What is being asked.
Return the listing below unchanged, minus its pictures.

Task data.
• • • • • • •

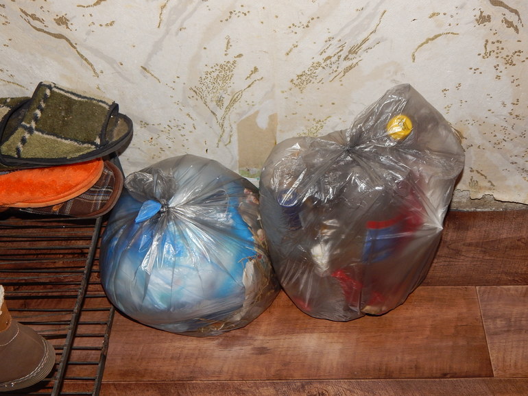 11.40 Собираю весь мусор и складываю в пакеты.
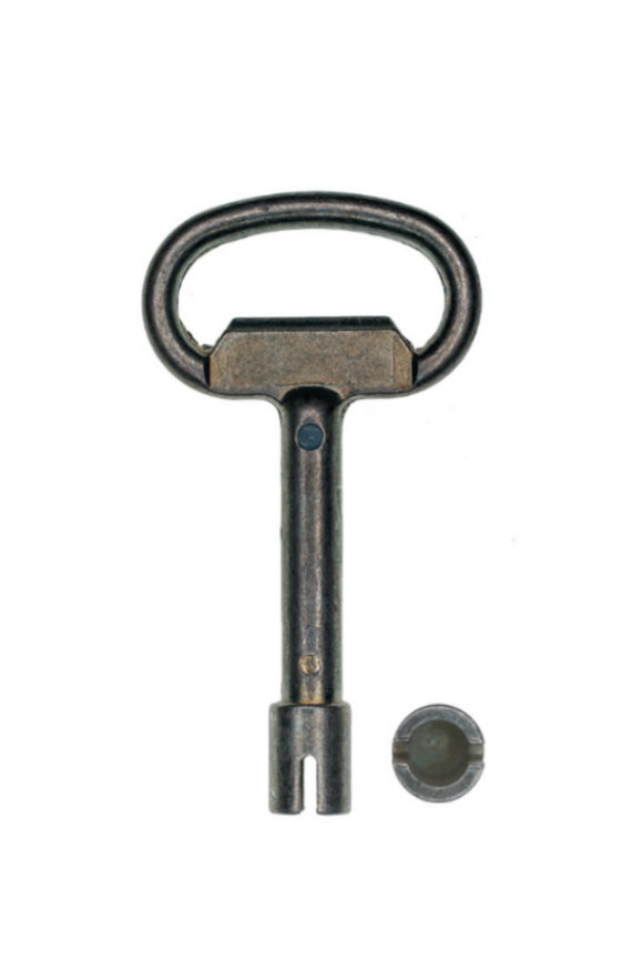 Doornsleutel van het merk STUV. De diameter van het uiteinde is 7,5mm. Het uiteinde heeft aan beide zeiden een insnijding van 7mm diep. Wordt vaak gebruikt bij o.a slagbomen e.o. (parkeer)paaltjes.
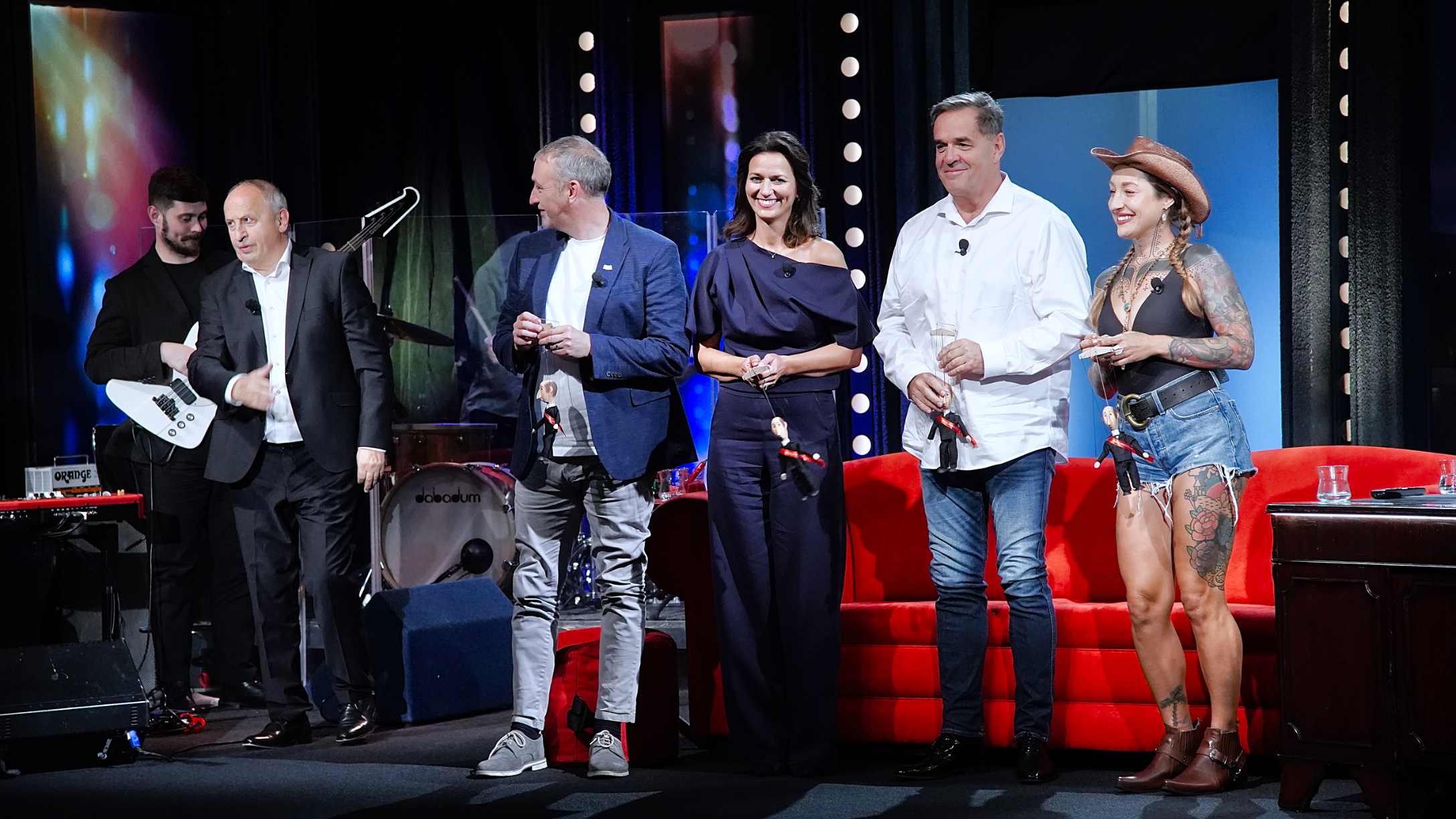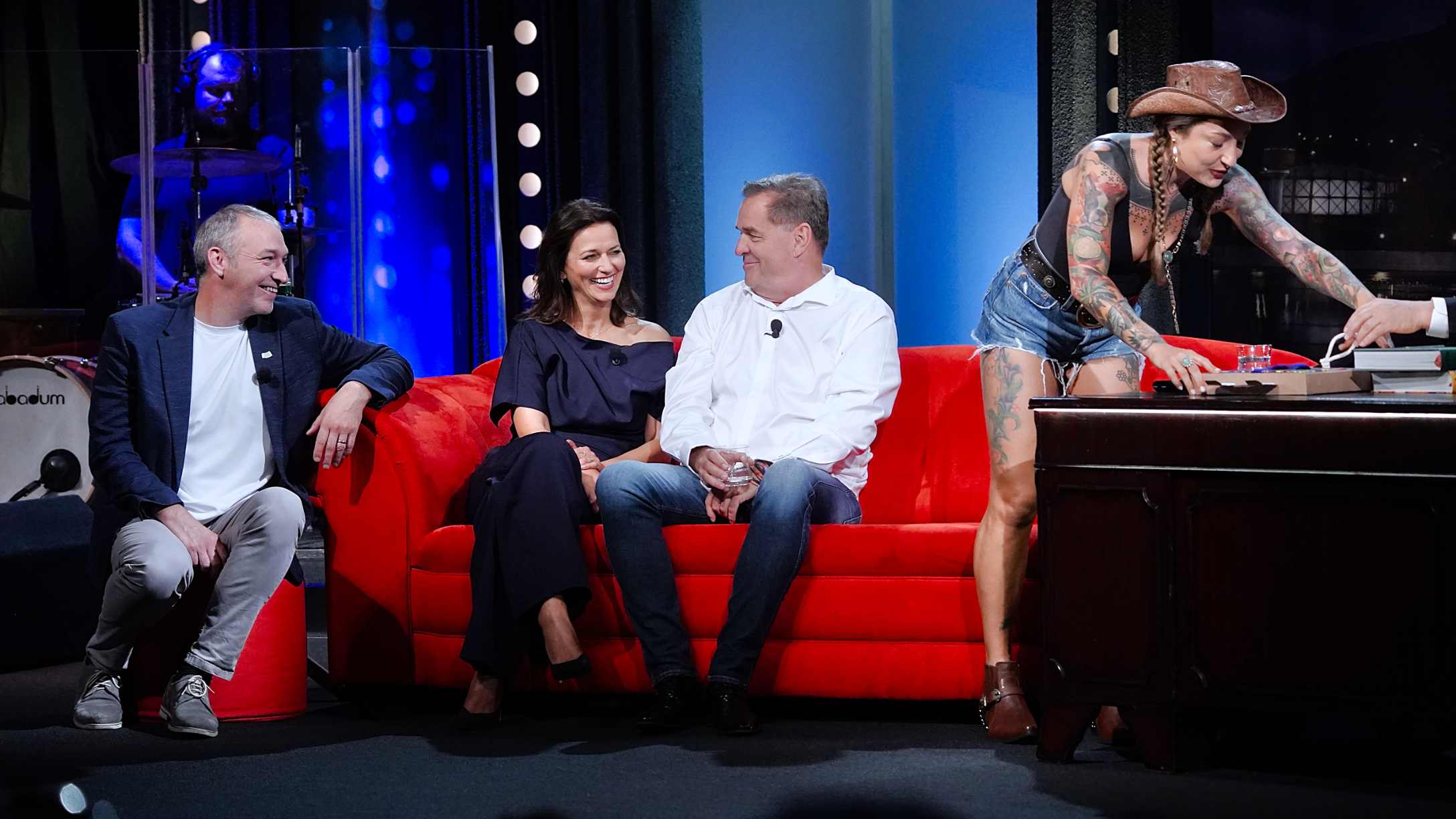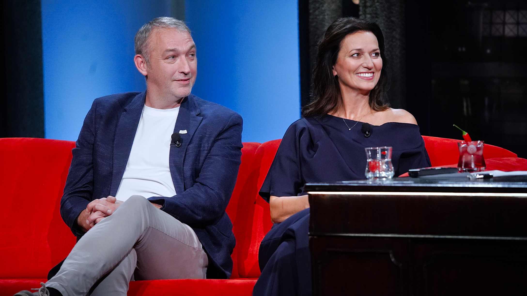 Jako první se na červenou pohovku posadí Adéla Gondíková a Denny Ratajský, kteří spolu hrají ve hře Sladké neřesti v Divadle Lucie Bílé. Gondíková je známá také z pořadu Inkognito a seriálu ZOO – Nové začátky. Ratajský působí jako tanečník a choreograf, aktivně se věnuje stepu.
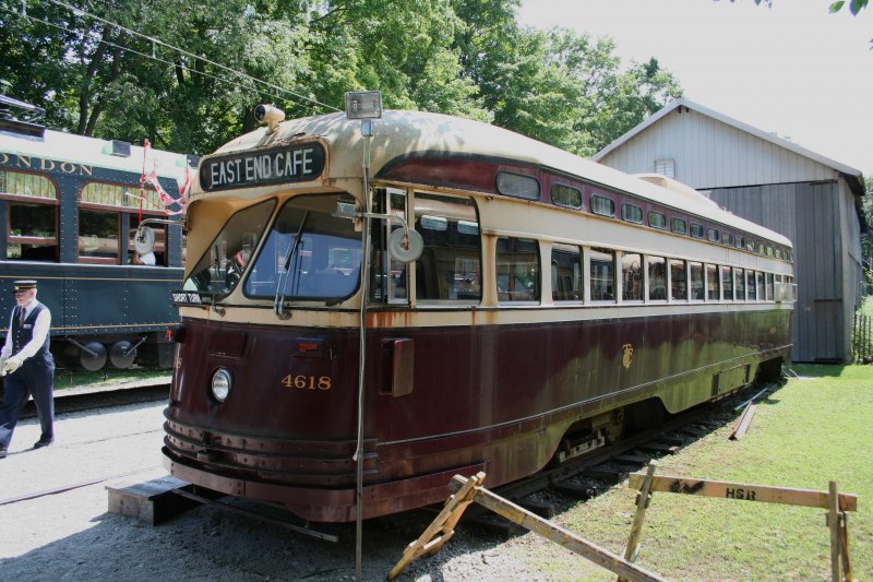 Toronto Transit Commission Class A-15 4618 (Bj 1951 als Class A-8 4501) am 31.7.2009 im Halton County Radial Railway Museum. Diese als Eisdiele/Café benutzte Strassenbahn wartet noch auf eine Restauration.
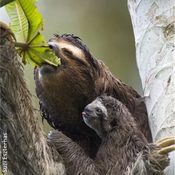 As early as one week old, baby sloths will begin sampling leaves from around their mother’s mouth in addition to drinking milk.
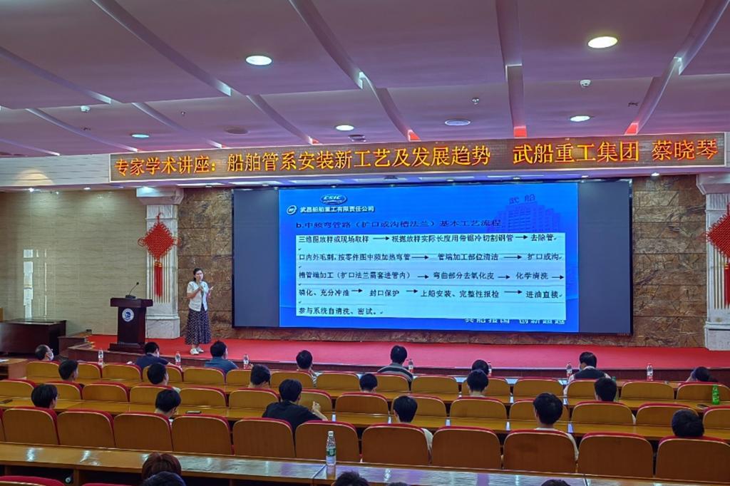 本网讯 5月15日下午,交通运输工程学院在学术报告厅举办船舶领域新技术新工艺专题讲座,邀请武昌船舶重工集团总工艺师蔡晓琴高级工程师作《船舶管系安装新工艺及发展趋势》专题讲座。交通学院党总支书记张辉主持活动,“双高”专业群轮机工程技术、内燃机制造与应用技术、舰船动力工程技术相关专业课老师、实训老师及百余名学生参加讲座学习。
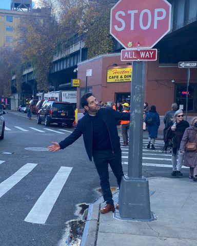 Early on the big day, November 28, beginning a bit before 7 a.m., the subjects began to arrive, each checking in at Hector’s. A dozen staff members, wearing orange safety vests and yellow baseball caps for visibility, stood just outside the frame of Cass’s viewfinder at the ends of those nine lanes. (They were there partly to direct the pedestrian traffic and partly to help participants avoid the actual traffic, since the intersection wasn’t closed to cars.) Each staffer held up a colored placard, effectively a target to guide the photo subjects as each sauntered through on command. Spike Lee walked first, then dashed off to the airport. Paul Rudd was his delightful Paul Rudd self, mock-hailing a cab in the crosswalk. Ziwe charmed everyone she met. Chuck Schumer shook hands with everyone, including some truckers who stopped in the middle of the intersection to shout “hello” to him. (Then he headed back to Washington and, a few hours later, voted on the marriage-equality bill.) Emily Ratajkowski brought her huge dog. Liev Schreiber brought his tiny one. The outrageously dressed costume designer Machine Dazzle released a flurry of orange balloons around his feet as his walk commenced, then headed to Hector’s afterward for breakfast. Dionisios, the manager of Hector’s, did a walk of his own. Tariq, a.k.a Corn Kid, bounced around the street, trying to keep warm, as photo editor Isabela Quintero kept him out of traffic. As the shadows began to lengthen, Keith McNally came over from Pastis to walk last, and that was a wrap.
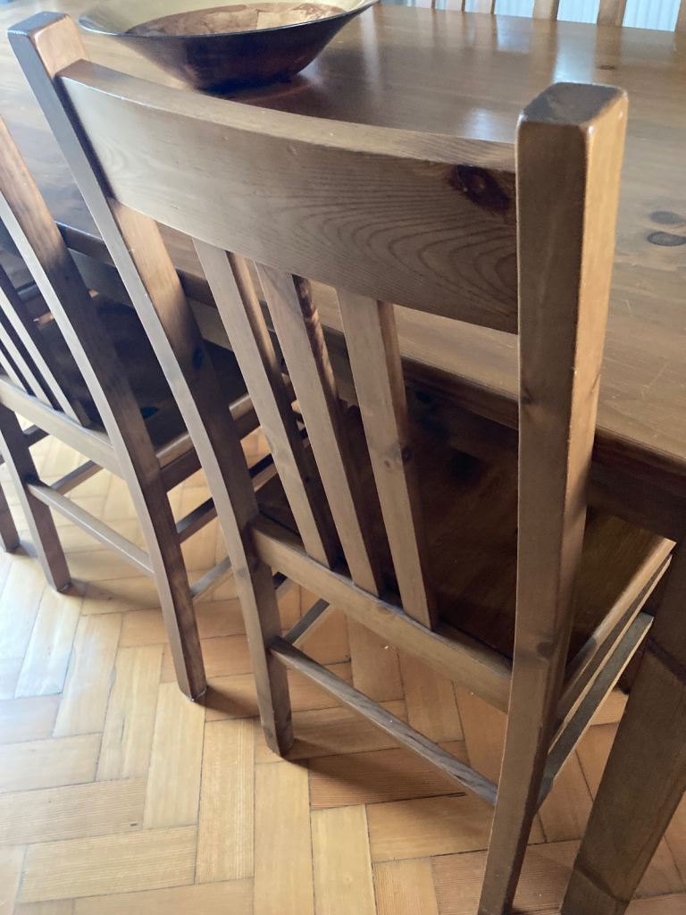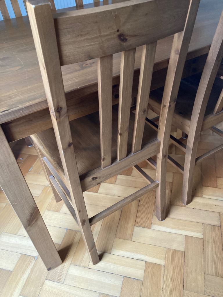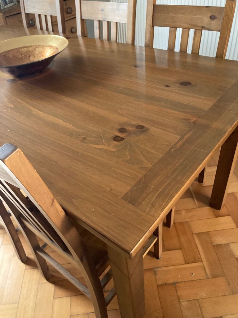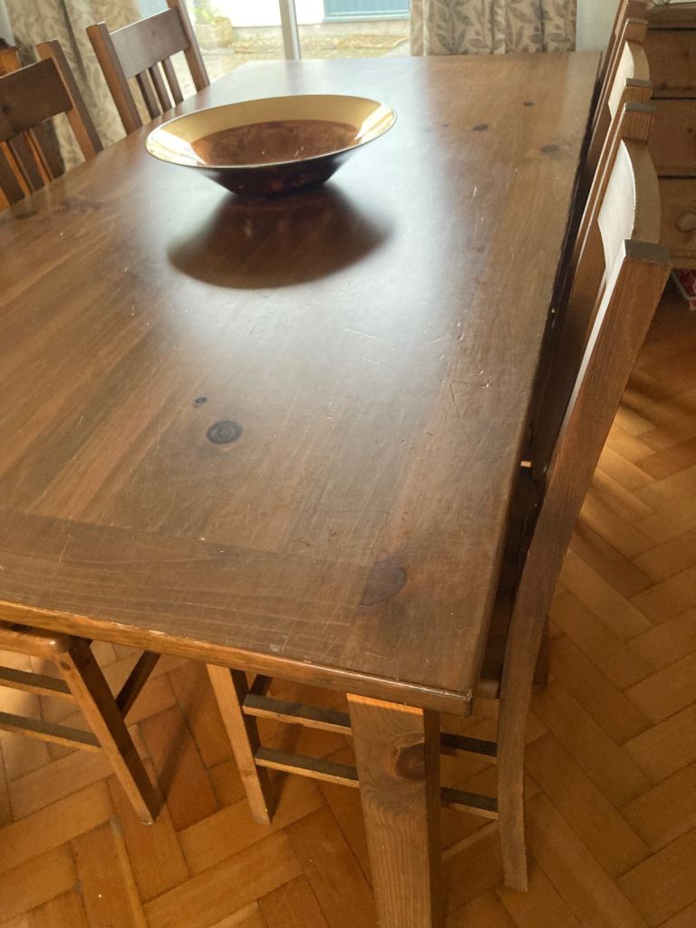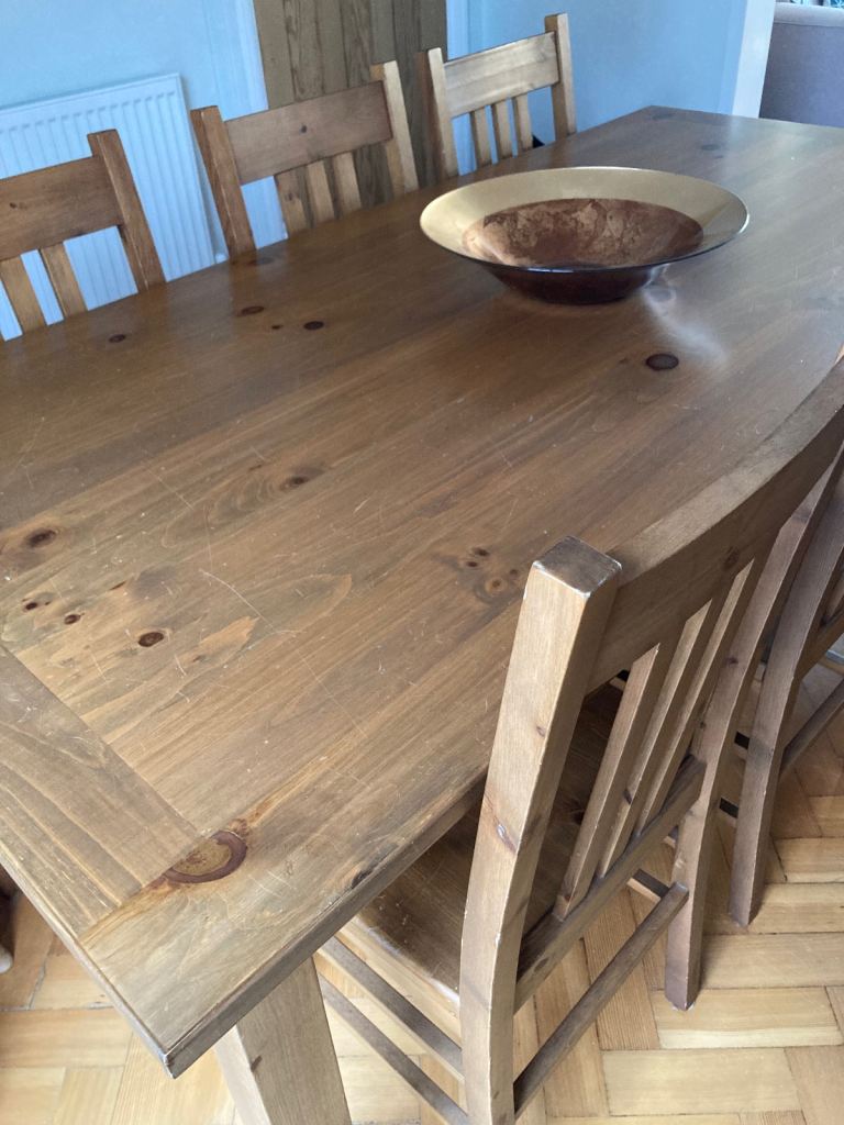 Wooden Dining table and chairs in very good condition. Bought some years ago from The Pier.

• • • • • • •

Output.
 11.40 Собираю весь мусор и складываю в пакеты.
 Doornsleutel van het merk STUV. De diameter van het uiteinde is 7,5mm. Het uiteinde heeft aan beide zeiden een insnijding van 7mm diep. Wordt vaak gebruikt bij o.a slagbomen e.o. (parkeer)paaltjes.
 Jako první se na červenou pohovku posadí Adéla Gondíková a Denny Ratajský, kteří spolu hrají ve hře Sladké neřesti v Divadle Lucie Bílé. Gondíková je známá také z pořadu Inkognito a seriálu ZOO – Nové začátky. Ratajský působí jako tanečník a choreograf, aktivně se věnuje stepu.
 Toronto Transit Commission Class A-15 4618 (Bj 1951 als Class A-8 4501) am 31.7.2009 im Halton County Radial Railway Museum. Diese als Eisdiele/Café benutzte Strassenbahn wartet noch auf eine Restauration.
 As early as one week old, baby sloths will begin sampling leaves from around their mother’s mouth in addition to drinking milk.
 本网讯 5月15日下午,交通运输工程学院在学术报告厅举办船舶领域新技术新工艺专题讲座,邀请武昌船舶重工集团总工艺师蔡晓琴高级工程师作《船舶管系安装新工艺及发展趋势》专题讲座。交通学院党总支书记张辉主持活动,“双高”专业群轮机工程技术、内燃机制造与应用技术、舰船动力工程技术相关专业课老师、实训老师及百余名学生参加讲座学习。
 Early on the big day, November 28, beginning a bit before 7 a.m., the subjects began to arrive, each checking in at Hector’s. A dozen staff members, wearing orange safety vests and yellow baseball caps for visibility, stood just outside the frame of Cass’s viewfinder at the ends of those nine lanes. (They were there partly to direct the pedestrian traffic and partly to help participants avoid the actual traffic, since the intersection wasn’t closed to cars.) Each staffer held up a colored placard, effectively a target to guide the photo subjects as each sauntered through on command. Spike Lee walked first, then dashed off to the airport. Paul Rudd was his delightful Paul Rudd self, mock-hailing a cab in the crosswalk. Ziwe charmed everyone she met. Chuck Schumer shook hands with everyone, including some truckers who stopped in the middle of the intersection to shout “hello” to him. (Then he headed back to Washington and, a few hours later, voted on the marriage-equality bill.) Emily Ratajkowski brought her huge dog. Liev Schreiber brought his tiny one. The outrageously dressed costume designer Machine Dazzle released a flurry of orange balloons around his feet as his walk commenced, then headed to Hector’s afterward for breakfast. Dionisios, the manager of Hector’s, did a walk of his own. Tariq, a.k.a Corn Kid, bounced around the street, trying to keep warm, as photo editor Isabela Quintero kept him out of traffic. As the shadows began to lengthen, Keith McNally came over from Pastis to walk last, and that was a wrap.
 Wooden Dining table and chairs in very good condition. Bought some years ago from The Pier.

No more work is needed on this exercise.